Shape memory polymers (SMP) are typical kinds of burgeoning intelligent materials that have attracted more and more attention in the past few decades. While such materials undergo the different environmental stimuli, such as chemical [1], electrical [2], and light, magnetic, or thermal triggered shape changes [3, 4], they would have the recovery ability to their initial states from the deformed states to show the shape memory behaviors. As the most extensively investigated shape memory materials among the various SMP [5], thermally induced SMP have been widely studied, and focused on accumulating their potential applications in biomedical devices [6, 7], including cardiovascular stents, sutures, drug-eluting stents [8], clot removal devices [9], and tissue engineering [10, 11].

Polyurethanes as one of excellent SMP have been drawing increasing attention in practices due to their abilities to recover large deformation, characteristics of lower cost, ease in processing, desirable biocompatibility [12], high resistance to organic solvents and aqueous solutions, and adjusted transition temperatures with the changing of surroundings and body temperatures, etc. [4]. For shape memory polyurethane (SMPU), their shape memory performances could be tailored by using special functionalized soft segments and hard segments into the polymers [13]. Until now, more and more attention was drawn to the soft segments of poly(ε-caprolactone)(PCL) for the synthesis of thermal induced SMPU [14], and on their bio-related applications, due to the excellent biodegradability, biocompatibility, and elasticity of thus synthesized PU [15, 16]. Moreover, the glass transition temperature (Tg) and the melting temperature (Tm) of PCL could be easily tuned by altering its chain length or by copolymerization with other polymer segments [17]. Nevertherless, the still unsatisfied modulus owing to the higher elastics and the still need to be improved biocompatibility of PCL-based SMPU both restrict the medical applications to some extents. So the composites with higher modulus components, and the fabrications to some special morphologies with SMPU, are of great significance.

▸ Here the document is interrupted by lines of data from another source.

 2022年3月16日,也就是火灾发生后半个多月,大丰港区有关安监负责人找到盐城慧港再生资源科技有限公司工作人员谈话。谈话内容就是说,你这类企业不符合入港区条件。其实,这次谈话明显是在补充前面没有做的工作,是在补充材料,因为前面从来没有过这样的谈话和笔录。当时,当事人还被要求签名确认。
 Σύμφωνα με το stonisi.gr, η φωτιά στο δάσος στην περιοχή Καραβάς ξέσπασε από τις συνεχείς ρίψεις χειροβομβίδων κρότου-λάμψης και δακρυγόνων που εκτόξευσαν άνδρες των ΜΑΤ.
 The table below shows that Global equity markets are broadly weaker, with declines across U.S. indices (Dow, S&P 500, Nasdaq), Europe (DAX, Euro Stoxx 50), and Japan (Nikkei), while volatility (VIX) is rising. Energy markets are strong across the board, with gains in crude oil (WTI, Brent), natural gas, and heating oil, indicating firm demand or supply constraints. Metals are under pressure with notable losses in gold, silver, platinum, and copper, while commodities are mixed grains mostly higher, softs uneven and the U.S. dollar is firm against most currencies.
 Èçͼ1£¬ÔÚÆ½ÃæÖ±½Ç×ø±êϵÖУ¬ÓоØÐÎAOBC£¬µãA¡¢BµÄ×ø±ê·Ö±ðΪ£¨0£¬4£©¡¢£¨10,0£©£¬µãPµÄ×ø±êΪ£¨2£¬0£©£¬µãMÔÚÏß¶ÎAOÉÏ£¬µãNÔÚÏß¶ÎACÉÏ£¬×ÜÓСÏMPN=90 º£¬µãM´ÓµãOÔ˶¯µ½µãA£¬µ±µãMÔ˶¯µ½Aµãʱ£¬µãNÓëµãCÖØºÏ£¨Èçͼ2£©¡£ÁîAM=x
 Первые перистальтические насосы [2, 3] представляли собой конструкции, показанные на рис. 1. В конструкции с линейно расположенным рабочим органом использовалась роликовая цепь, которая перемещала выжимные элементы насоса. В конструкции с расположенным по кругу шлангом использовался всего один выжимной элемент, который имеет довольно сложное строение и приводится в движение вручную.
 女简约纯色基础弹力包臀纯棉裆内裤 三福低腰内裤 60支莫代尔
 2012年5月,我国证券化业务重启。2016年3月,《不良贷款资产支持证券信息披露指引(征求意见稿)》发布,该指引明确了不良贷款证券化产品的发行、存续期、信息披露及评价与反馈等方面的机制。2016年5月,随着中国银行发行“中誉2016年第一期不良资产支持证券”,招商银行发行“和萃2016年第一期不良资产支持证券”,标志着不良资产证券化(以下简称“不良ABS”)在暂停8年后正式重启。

As major parts of mineral component in bone [18], hydroxyapatite (HA) nanocrystals have been widely used as bone fillers and the implant materials for many years, due to its excellent bioactivity, biocompatibility, and osteoconductivity [19, 20]. And one of just a few bioactive materials used means it can support bone repairs and regeneration more effectively [20]. Thus, the addition of HA into systems could not only improve the biocompatibility and bioactivity, but also could be beneficial to achieve enhanced mechanical properties and the shape memory effect [20,21,22,23]. And by the fabrication into non-woven textile mats, oriented fibrous bundles, and even three-dimensional structured scaffolds [24, 25], electrospinning has been remarkably recognized as one of the most attractive nanotechnologies to produce microfibers/nanofibers with high porosity and specific surface area that are suitable for a variety of biomedical applications [26, 27], such as tissue engineering, controlled drug delivery, sensing, separations, and filtration and catalysis [28]. It has been illustrated that the high specific surface area of the micro/nano scale SMPU fibers would be more sensitive to external stimuli, and have rapid response ability. So biodegradable SMPU fibers could effectively enhance the tissue repair and the regeneration efficacy [29].

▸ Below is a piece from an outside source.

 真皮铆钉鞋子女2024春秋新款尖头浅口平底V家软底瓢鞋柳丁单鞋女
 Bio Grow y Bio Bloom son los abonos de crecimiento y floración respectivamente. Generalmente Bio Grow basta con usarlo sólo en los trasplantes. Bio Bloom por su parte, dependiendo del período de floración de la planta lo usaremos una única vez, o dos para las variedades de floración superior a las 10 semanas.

So in this work, a novel SMPU/HA biomimetic composite nanofibers with enhanced biological performance and improved shape memory properties for the potential use in biomedical fields were designed. And dexamethasone (DEX), a synthetic glucocorticoid compound [30], and one of the ideal bone formation accelerator with good stability [31, 32], was selected as drug model to investigate its controllable release behavior within the carrier in an attempt to avoid the producing of toxic effects, the inducing of bone loss and osteoporosis effectively, owing to the relative large concentration of DEX [7, 33].

Materials and methods

Materials

Poly(ε-caprolactone) diol (PCL, Mn = 2000), HA nanoparticles (< 200-nm particle size), and DEX were purchased from Aldrich Co., Ltd. Isophorone diisocyanate (IPDI) were purchased from Alfa (USA). Stannous octoate (SnOct2) was purchased from A Damas Beta. 1,4-Butanediol (BDO), N,N-dimethylformamide (DMF), and ethanol were purchased from Aladdin Chemical Reagent (Shanghai, China). They were all of analytical grades and used directly without further purification.

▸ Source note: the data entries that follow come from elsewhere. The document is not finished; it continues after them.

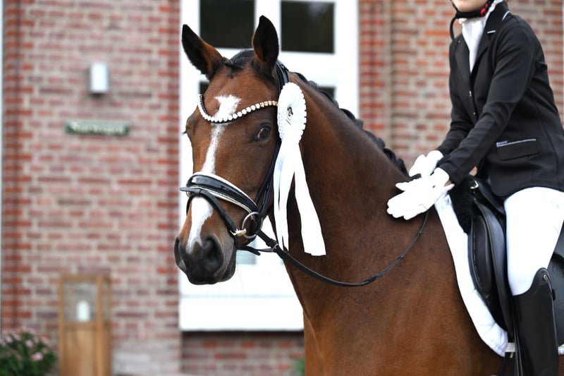 Coming Home, genannt Conrad, ist ein vierjähriger XXL Reitponywallach, aber von den Bewegungen her eher ein Großpferd im Kleinformat. Sein unerschütterlich takt- und schwungvoller Trab, sein sehr guter Schritt und guter Galopp machen ihn zu einem perfekten Partner fürs große Viereck. Er ist altersentsprechend in allen drei GGA zu reiten und macht täglich Spaß. Seine Abstammung von Doppelbundeschampion und mehrfach Europameisterschaftsteilnehmer DSP Cosmo Royale x Blachet (CastonTG) spricht für sich. Der 3/4 Bruder „Chocolatier“ steht als Prämienhengst auf dem Landgestüt Redefin. Conrad ist sehr personenbezogen und liebt es stundenlang betüddelt zu werden. Er wurde auch schon problemlos von einem 11 jährigen Mädchen geritten und ist sehr leicht am Zügel zu reiten. Daher ist er auch für körperlich schwächere Reiter bestens geeignet. Mit seinem Stockmaß von aktuell ca. 1,55m eignet er sich sowohl für Kinder als auch kleinere Erwachsene. Auch als zukünftiges Childrenpferd sehr gut denkbar. Aufgrund des Ausbildungsstandes noch kein reines Anfänger/Kinderpony, wohl aber schon für ein gut reitendes Mutter-Kind-Team/ gut betreutes Reiterlein. Unarten wie losrennen oder steigen kennt er nicht. Seinen ersten Turnierstart hatte er kürzlich in einem Reiterwettbewerb mit einer jugendlichen Reiterin. Hier zeigte er sich überdurchschnittlich brav für sein Alter und belegte direkt den dritten Platz. Siegerehrung und Applaus, kein Problem für das junge Pony. In seiner ersten und bisher einzigen Dressurpferde A konnte er sich sofort in einem starken Starterfeld gegen Großpferde platzieren. Den Tierarzt hat er bisher nur zur Kastration, Zähne machen und zum impfen gesehen. Er steht in der Herde und kennt täglichen Weide-/Paddockgang, Führanlage, kleine Runden um die Weiden reiten und hat schon 1 x Freispringen gemacht. Auch hier zeigte er sich talentiert, wurde aber dahingehend noch nicht weiter gefördert. Als Fohlen erhielt Conrad bei der Eintragung die Prämie und die 9,0 für den Trab. Danach habe ich ihn als Absetzer direkt vom Züchter gekauft und professionell und artgerecht in einer Herde aufziehen lassen. Der Verkauf erfolgt schweren Herzens und ausschließlich aufgrund von weiterer, eigener Nachzucht. Bei Bedarf kann er auch noch zur weiteren Ausbildung bis nächstes Jahr bleiben. Conrad wird nur in ein wertschätzendes Zuhause mit artgerechter Haltung abgegeben. Bitte keine Händler! Er wird nicht zur Verfügung gestellt. Eine AKU kann jederzeit vom Käufer beauftragt werden. Normale Trainingsvideos auf Anfrage, kein extra „strampeln lassen“.
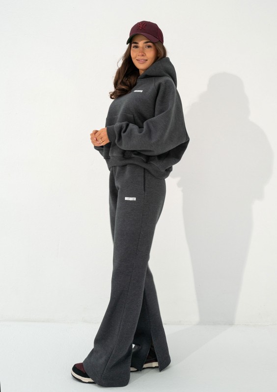 Stylowe spodnie dresowe w grafitowym kolorze. Model z luźną, rozciętą na dole nogawką. Ze względu na długość idealne dla wysokich osób.
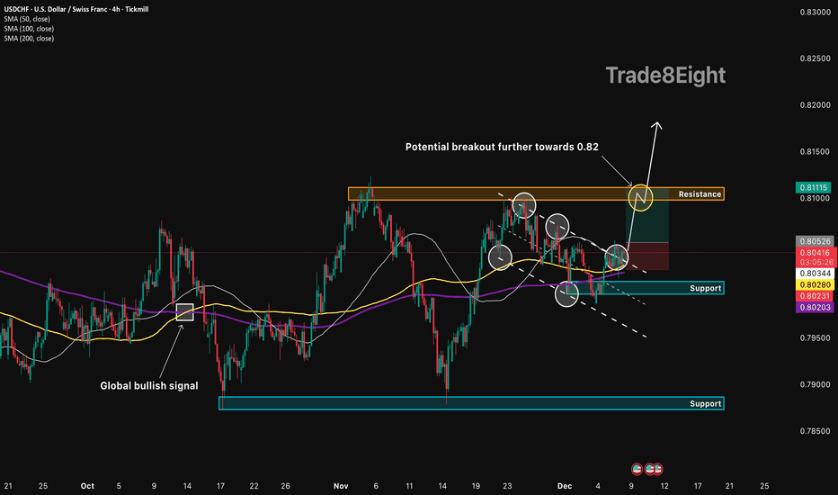 USDCHF: bullish breakout🛠 Technical Analysis: On the 4-hour timeframe, USDCHF triggered a "Global bullish signal" wit...

Synthesis of shape memory PCL-polyurethane

SMPU with IPDI:PCL:BDO in a molar ratio of 2.5:1.0:1.5 was synthesized by step addition polymerization, according to the following procedure. PCL diol was dried overnight in vacuum oven at 45 °C. The prepolymer was synthesized at 75 °C by reacting with IPDI and PCL diol for 2 h under nitrogen with mechanical stirring. Then the chain extension reaction of the prepolymers was carried out by dropping BDO to dissolve in DMF and 0.1–0.5 wt% of SnOct2, as catalyst, was added into the prepolymers. The reaction temperature was maintained to below to 60 °C for another 2 h. DMF was added into the reactor occasionally when necessary to reduce the viscosity of the reactant mixture. The viscous solution was precipitated in methanol and then dried in vacuum oven at 50 °C until a constant weight was reached.

Preparation of SMPU/HA and SMPU/HA/DEX nanocomposites

To prepare SMPU/HA and SMPU/HA/DEX spinning dope, a two-step method was utilized for the dispersion of HA nanoparticles into polymer solution. First, HA nanoparticles and DEX were dispersed in DMF and sonicated at room temperature. Then SMPU was dissolved in DMF and added into HA/DMF and HA/DEX/DMF system under stirring overnight to achieve a homogeneous solution. The proportion of HA in SMPU/HA mixture was 1, 3, and 5 wt% and DEX was dispersed in SMPU/HA solution with the concentration of 0.5 mg/g.

Electrospinning of SMPU fibers and composite fibers with HA and EDX

The above-prepared spinning dope was loaded in a 5-ml syringe with a metal needle of 0.55-mm inner diameter. The flow rate of solution was set to be 0.15 ml/h and the applied voltage was 14 kV. The tip-to-collector distance was 22 cm, and a grounded aluminum sheet was used as collector. The schematic diagram was shown in Fig. 1. After electrospinning, the formed nanofibers were dried in vacuum for over 2 days to remove the potential residual solvents.

Fig. 1
figure 1

Schematic diagram of horizontal set up of electrospinning apparatus

Analysis and characterization

Morphology of the fibers was analyzed with a field emission scanning electron microscope (Helios Nanolab600i, FEI, USA) at an accelerating voltage of 10 kV, after sputter coating with platinum. The average diameter of the fibers was determined by using Image J software. Functional groups presented in the particles were determined by using Fourier transform infrared (FTIR) spectroscopic analysis on Avatar 360 (Thermo Nicolet, USA) over a range of 400–4000 cm−1 at a resolution of 8 cm−1. Thermal properties of HA powder and the electrospun fibers were measured by differential scanning calorimetry (DSC) on a TA instrument (SDTQ600, USA) operating at 10 °C/min heating rate. Nitrogen flushing was used to supply protective atmosphere. 1H NMR spectra were recorded at room temperature with a Bruker spectrometer operating at 300 MHz using deuterated chloroform (CDCl3) as solvent. Chemical shifts (d) were given in parts per million using tetramethylsilane as an internal reference.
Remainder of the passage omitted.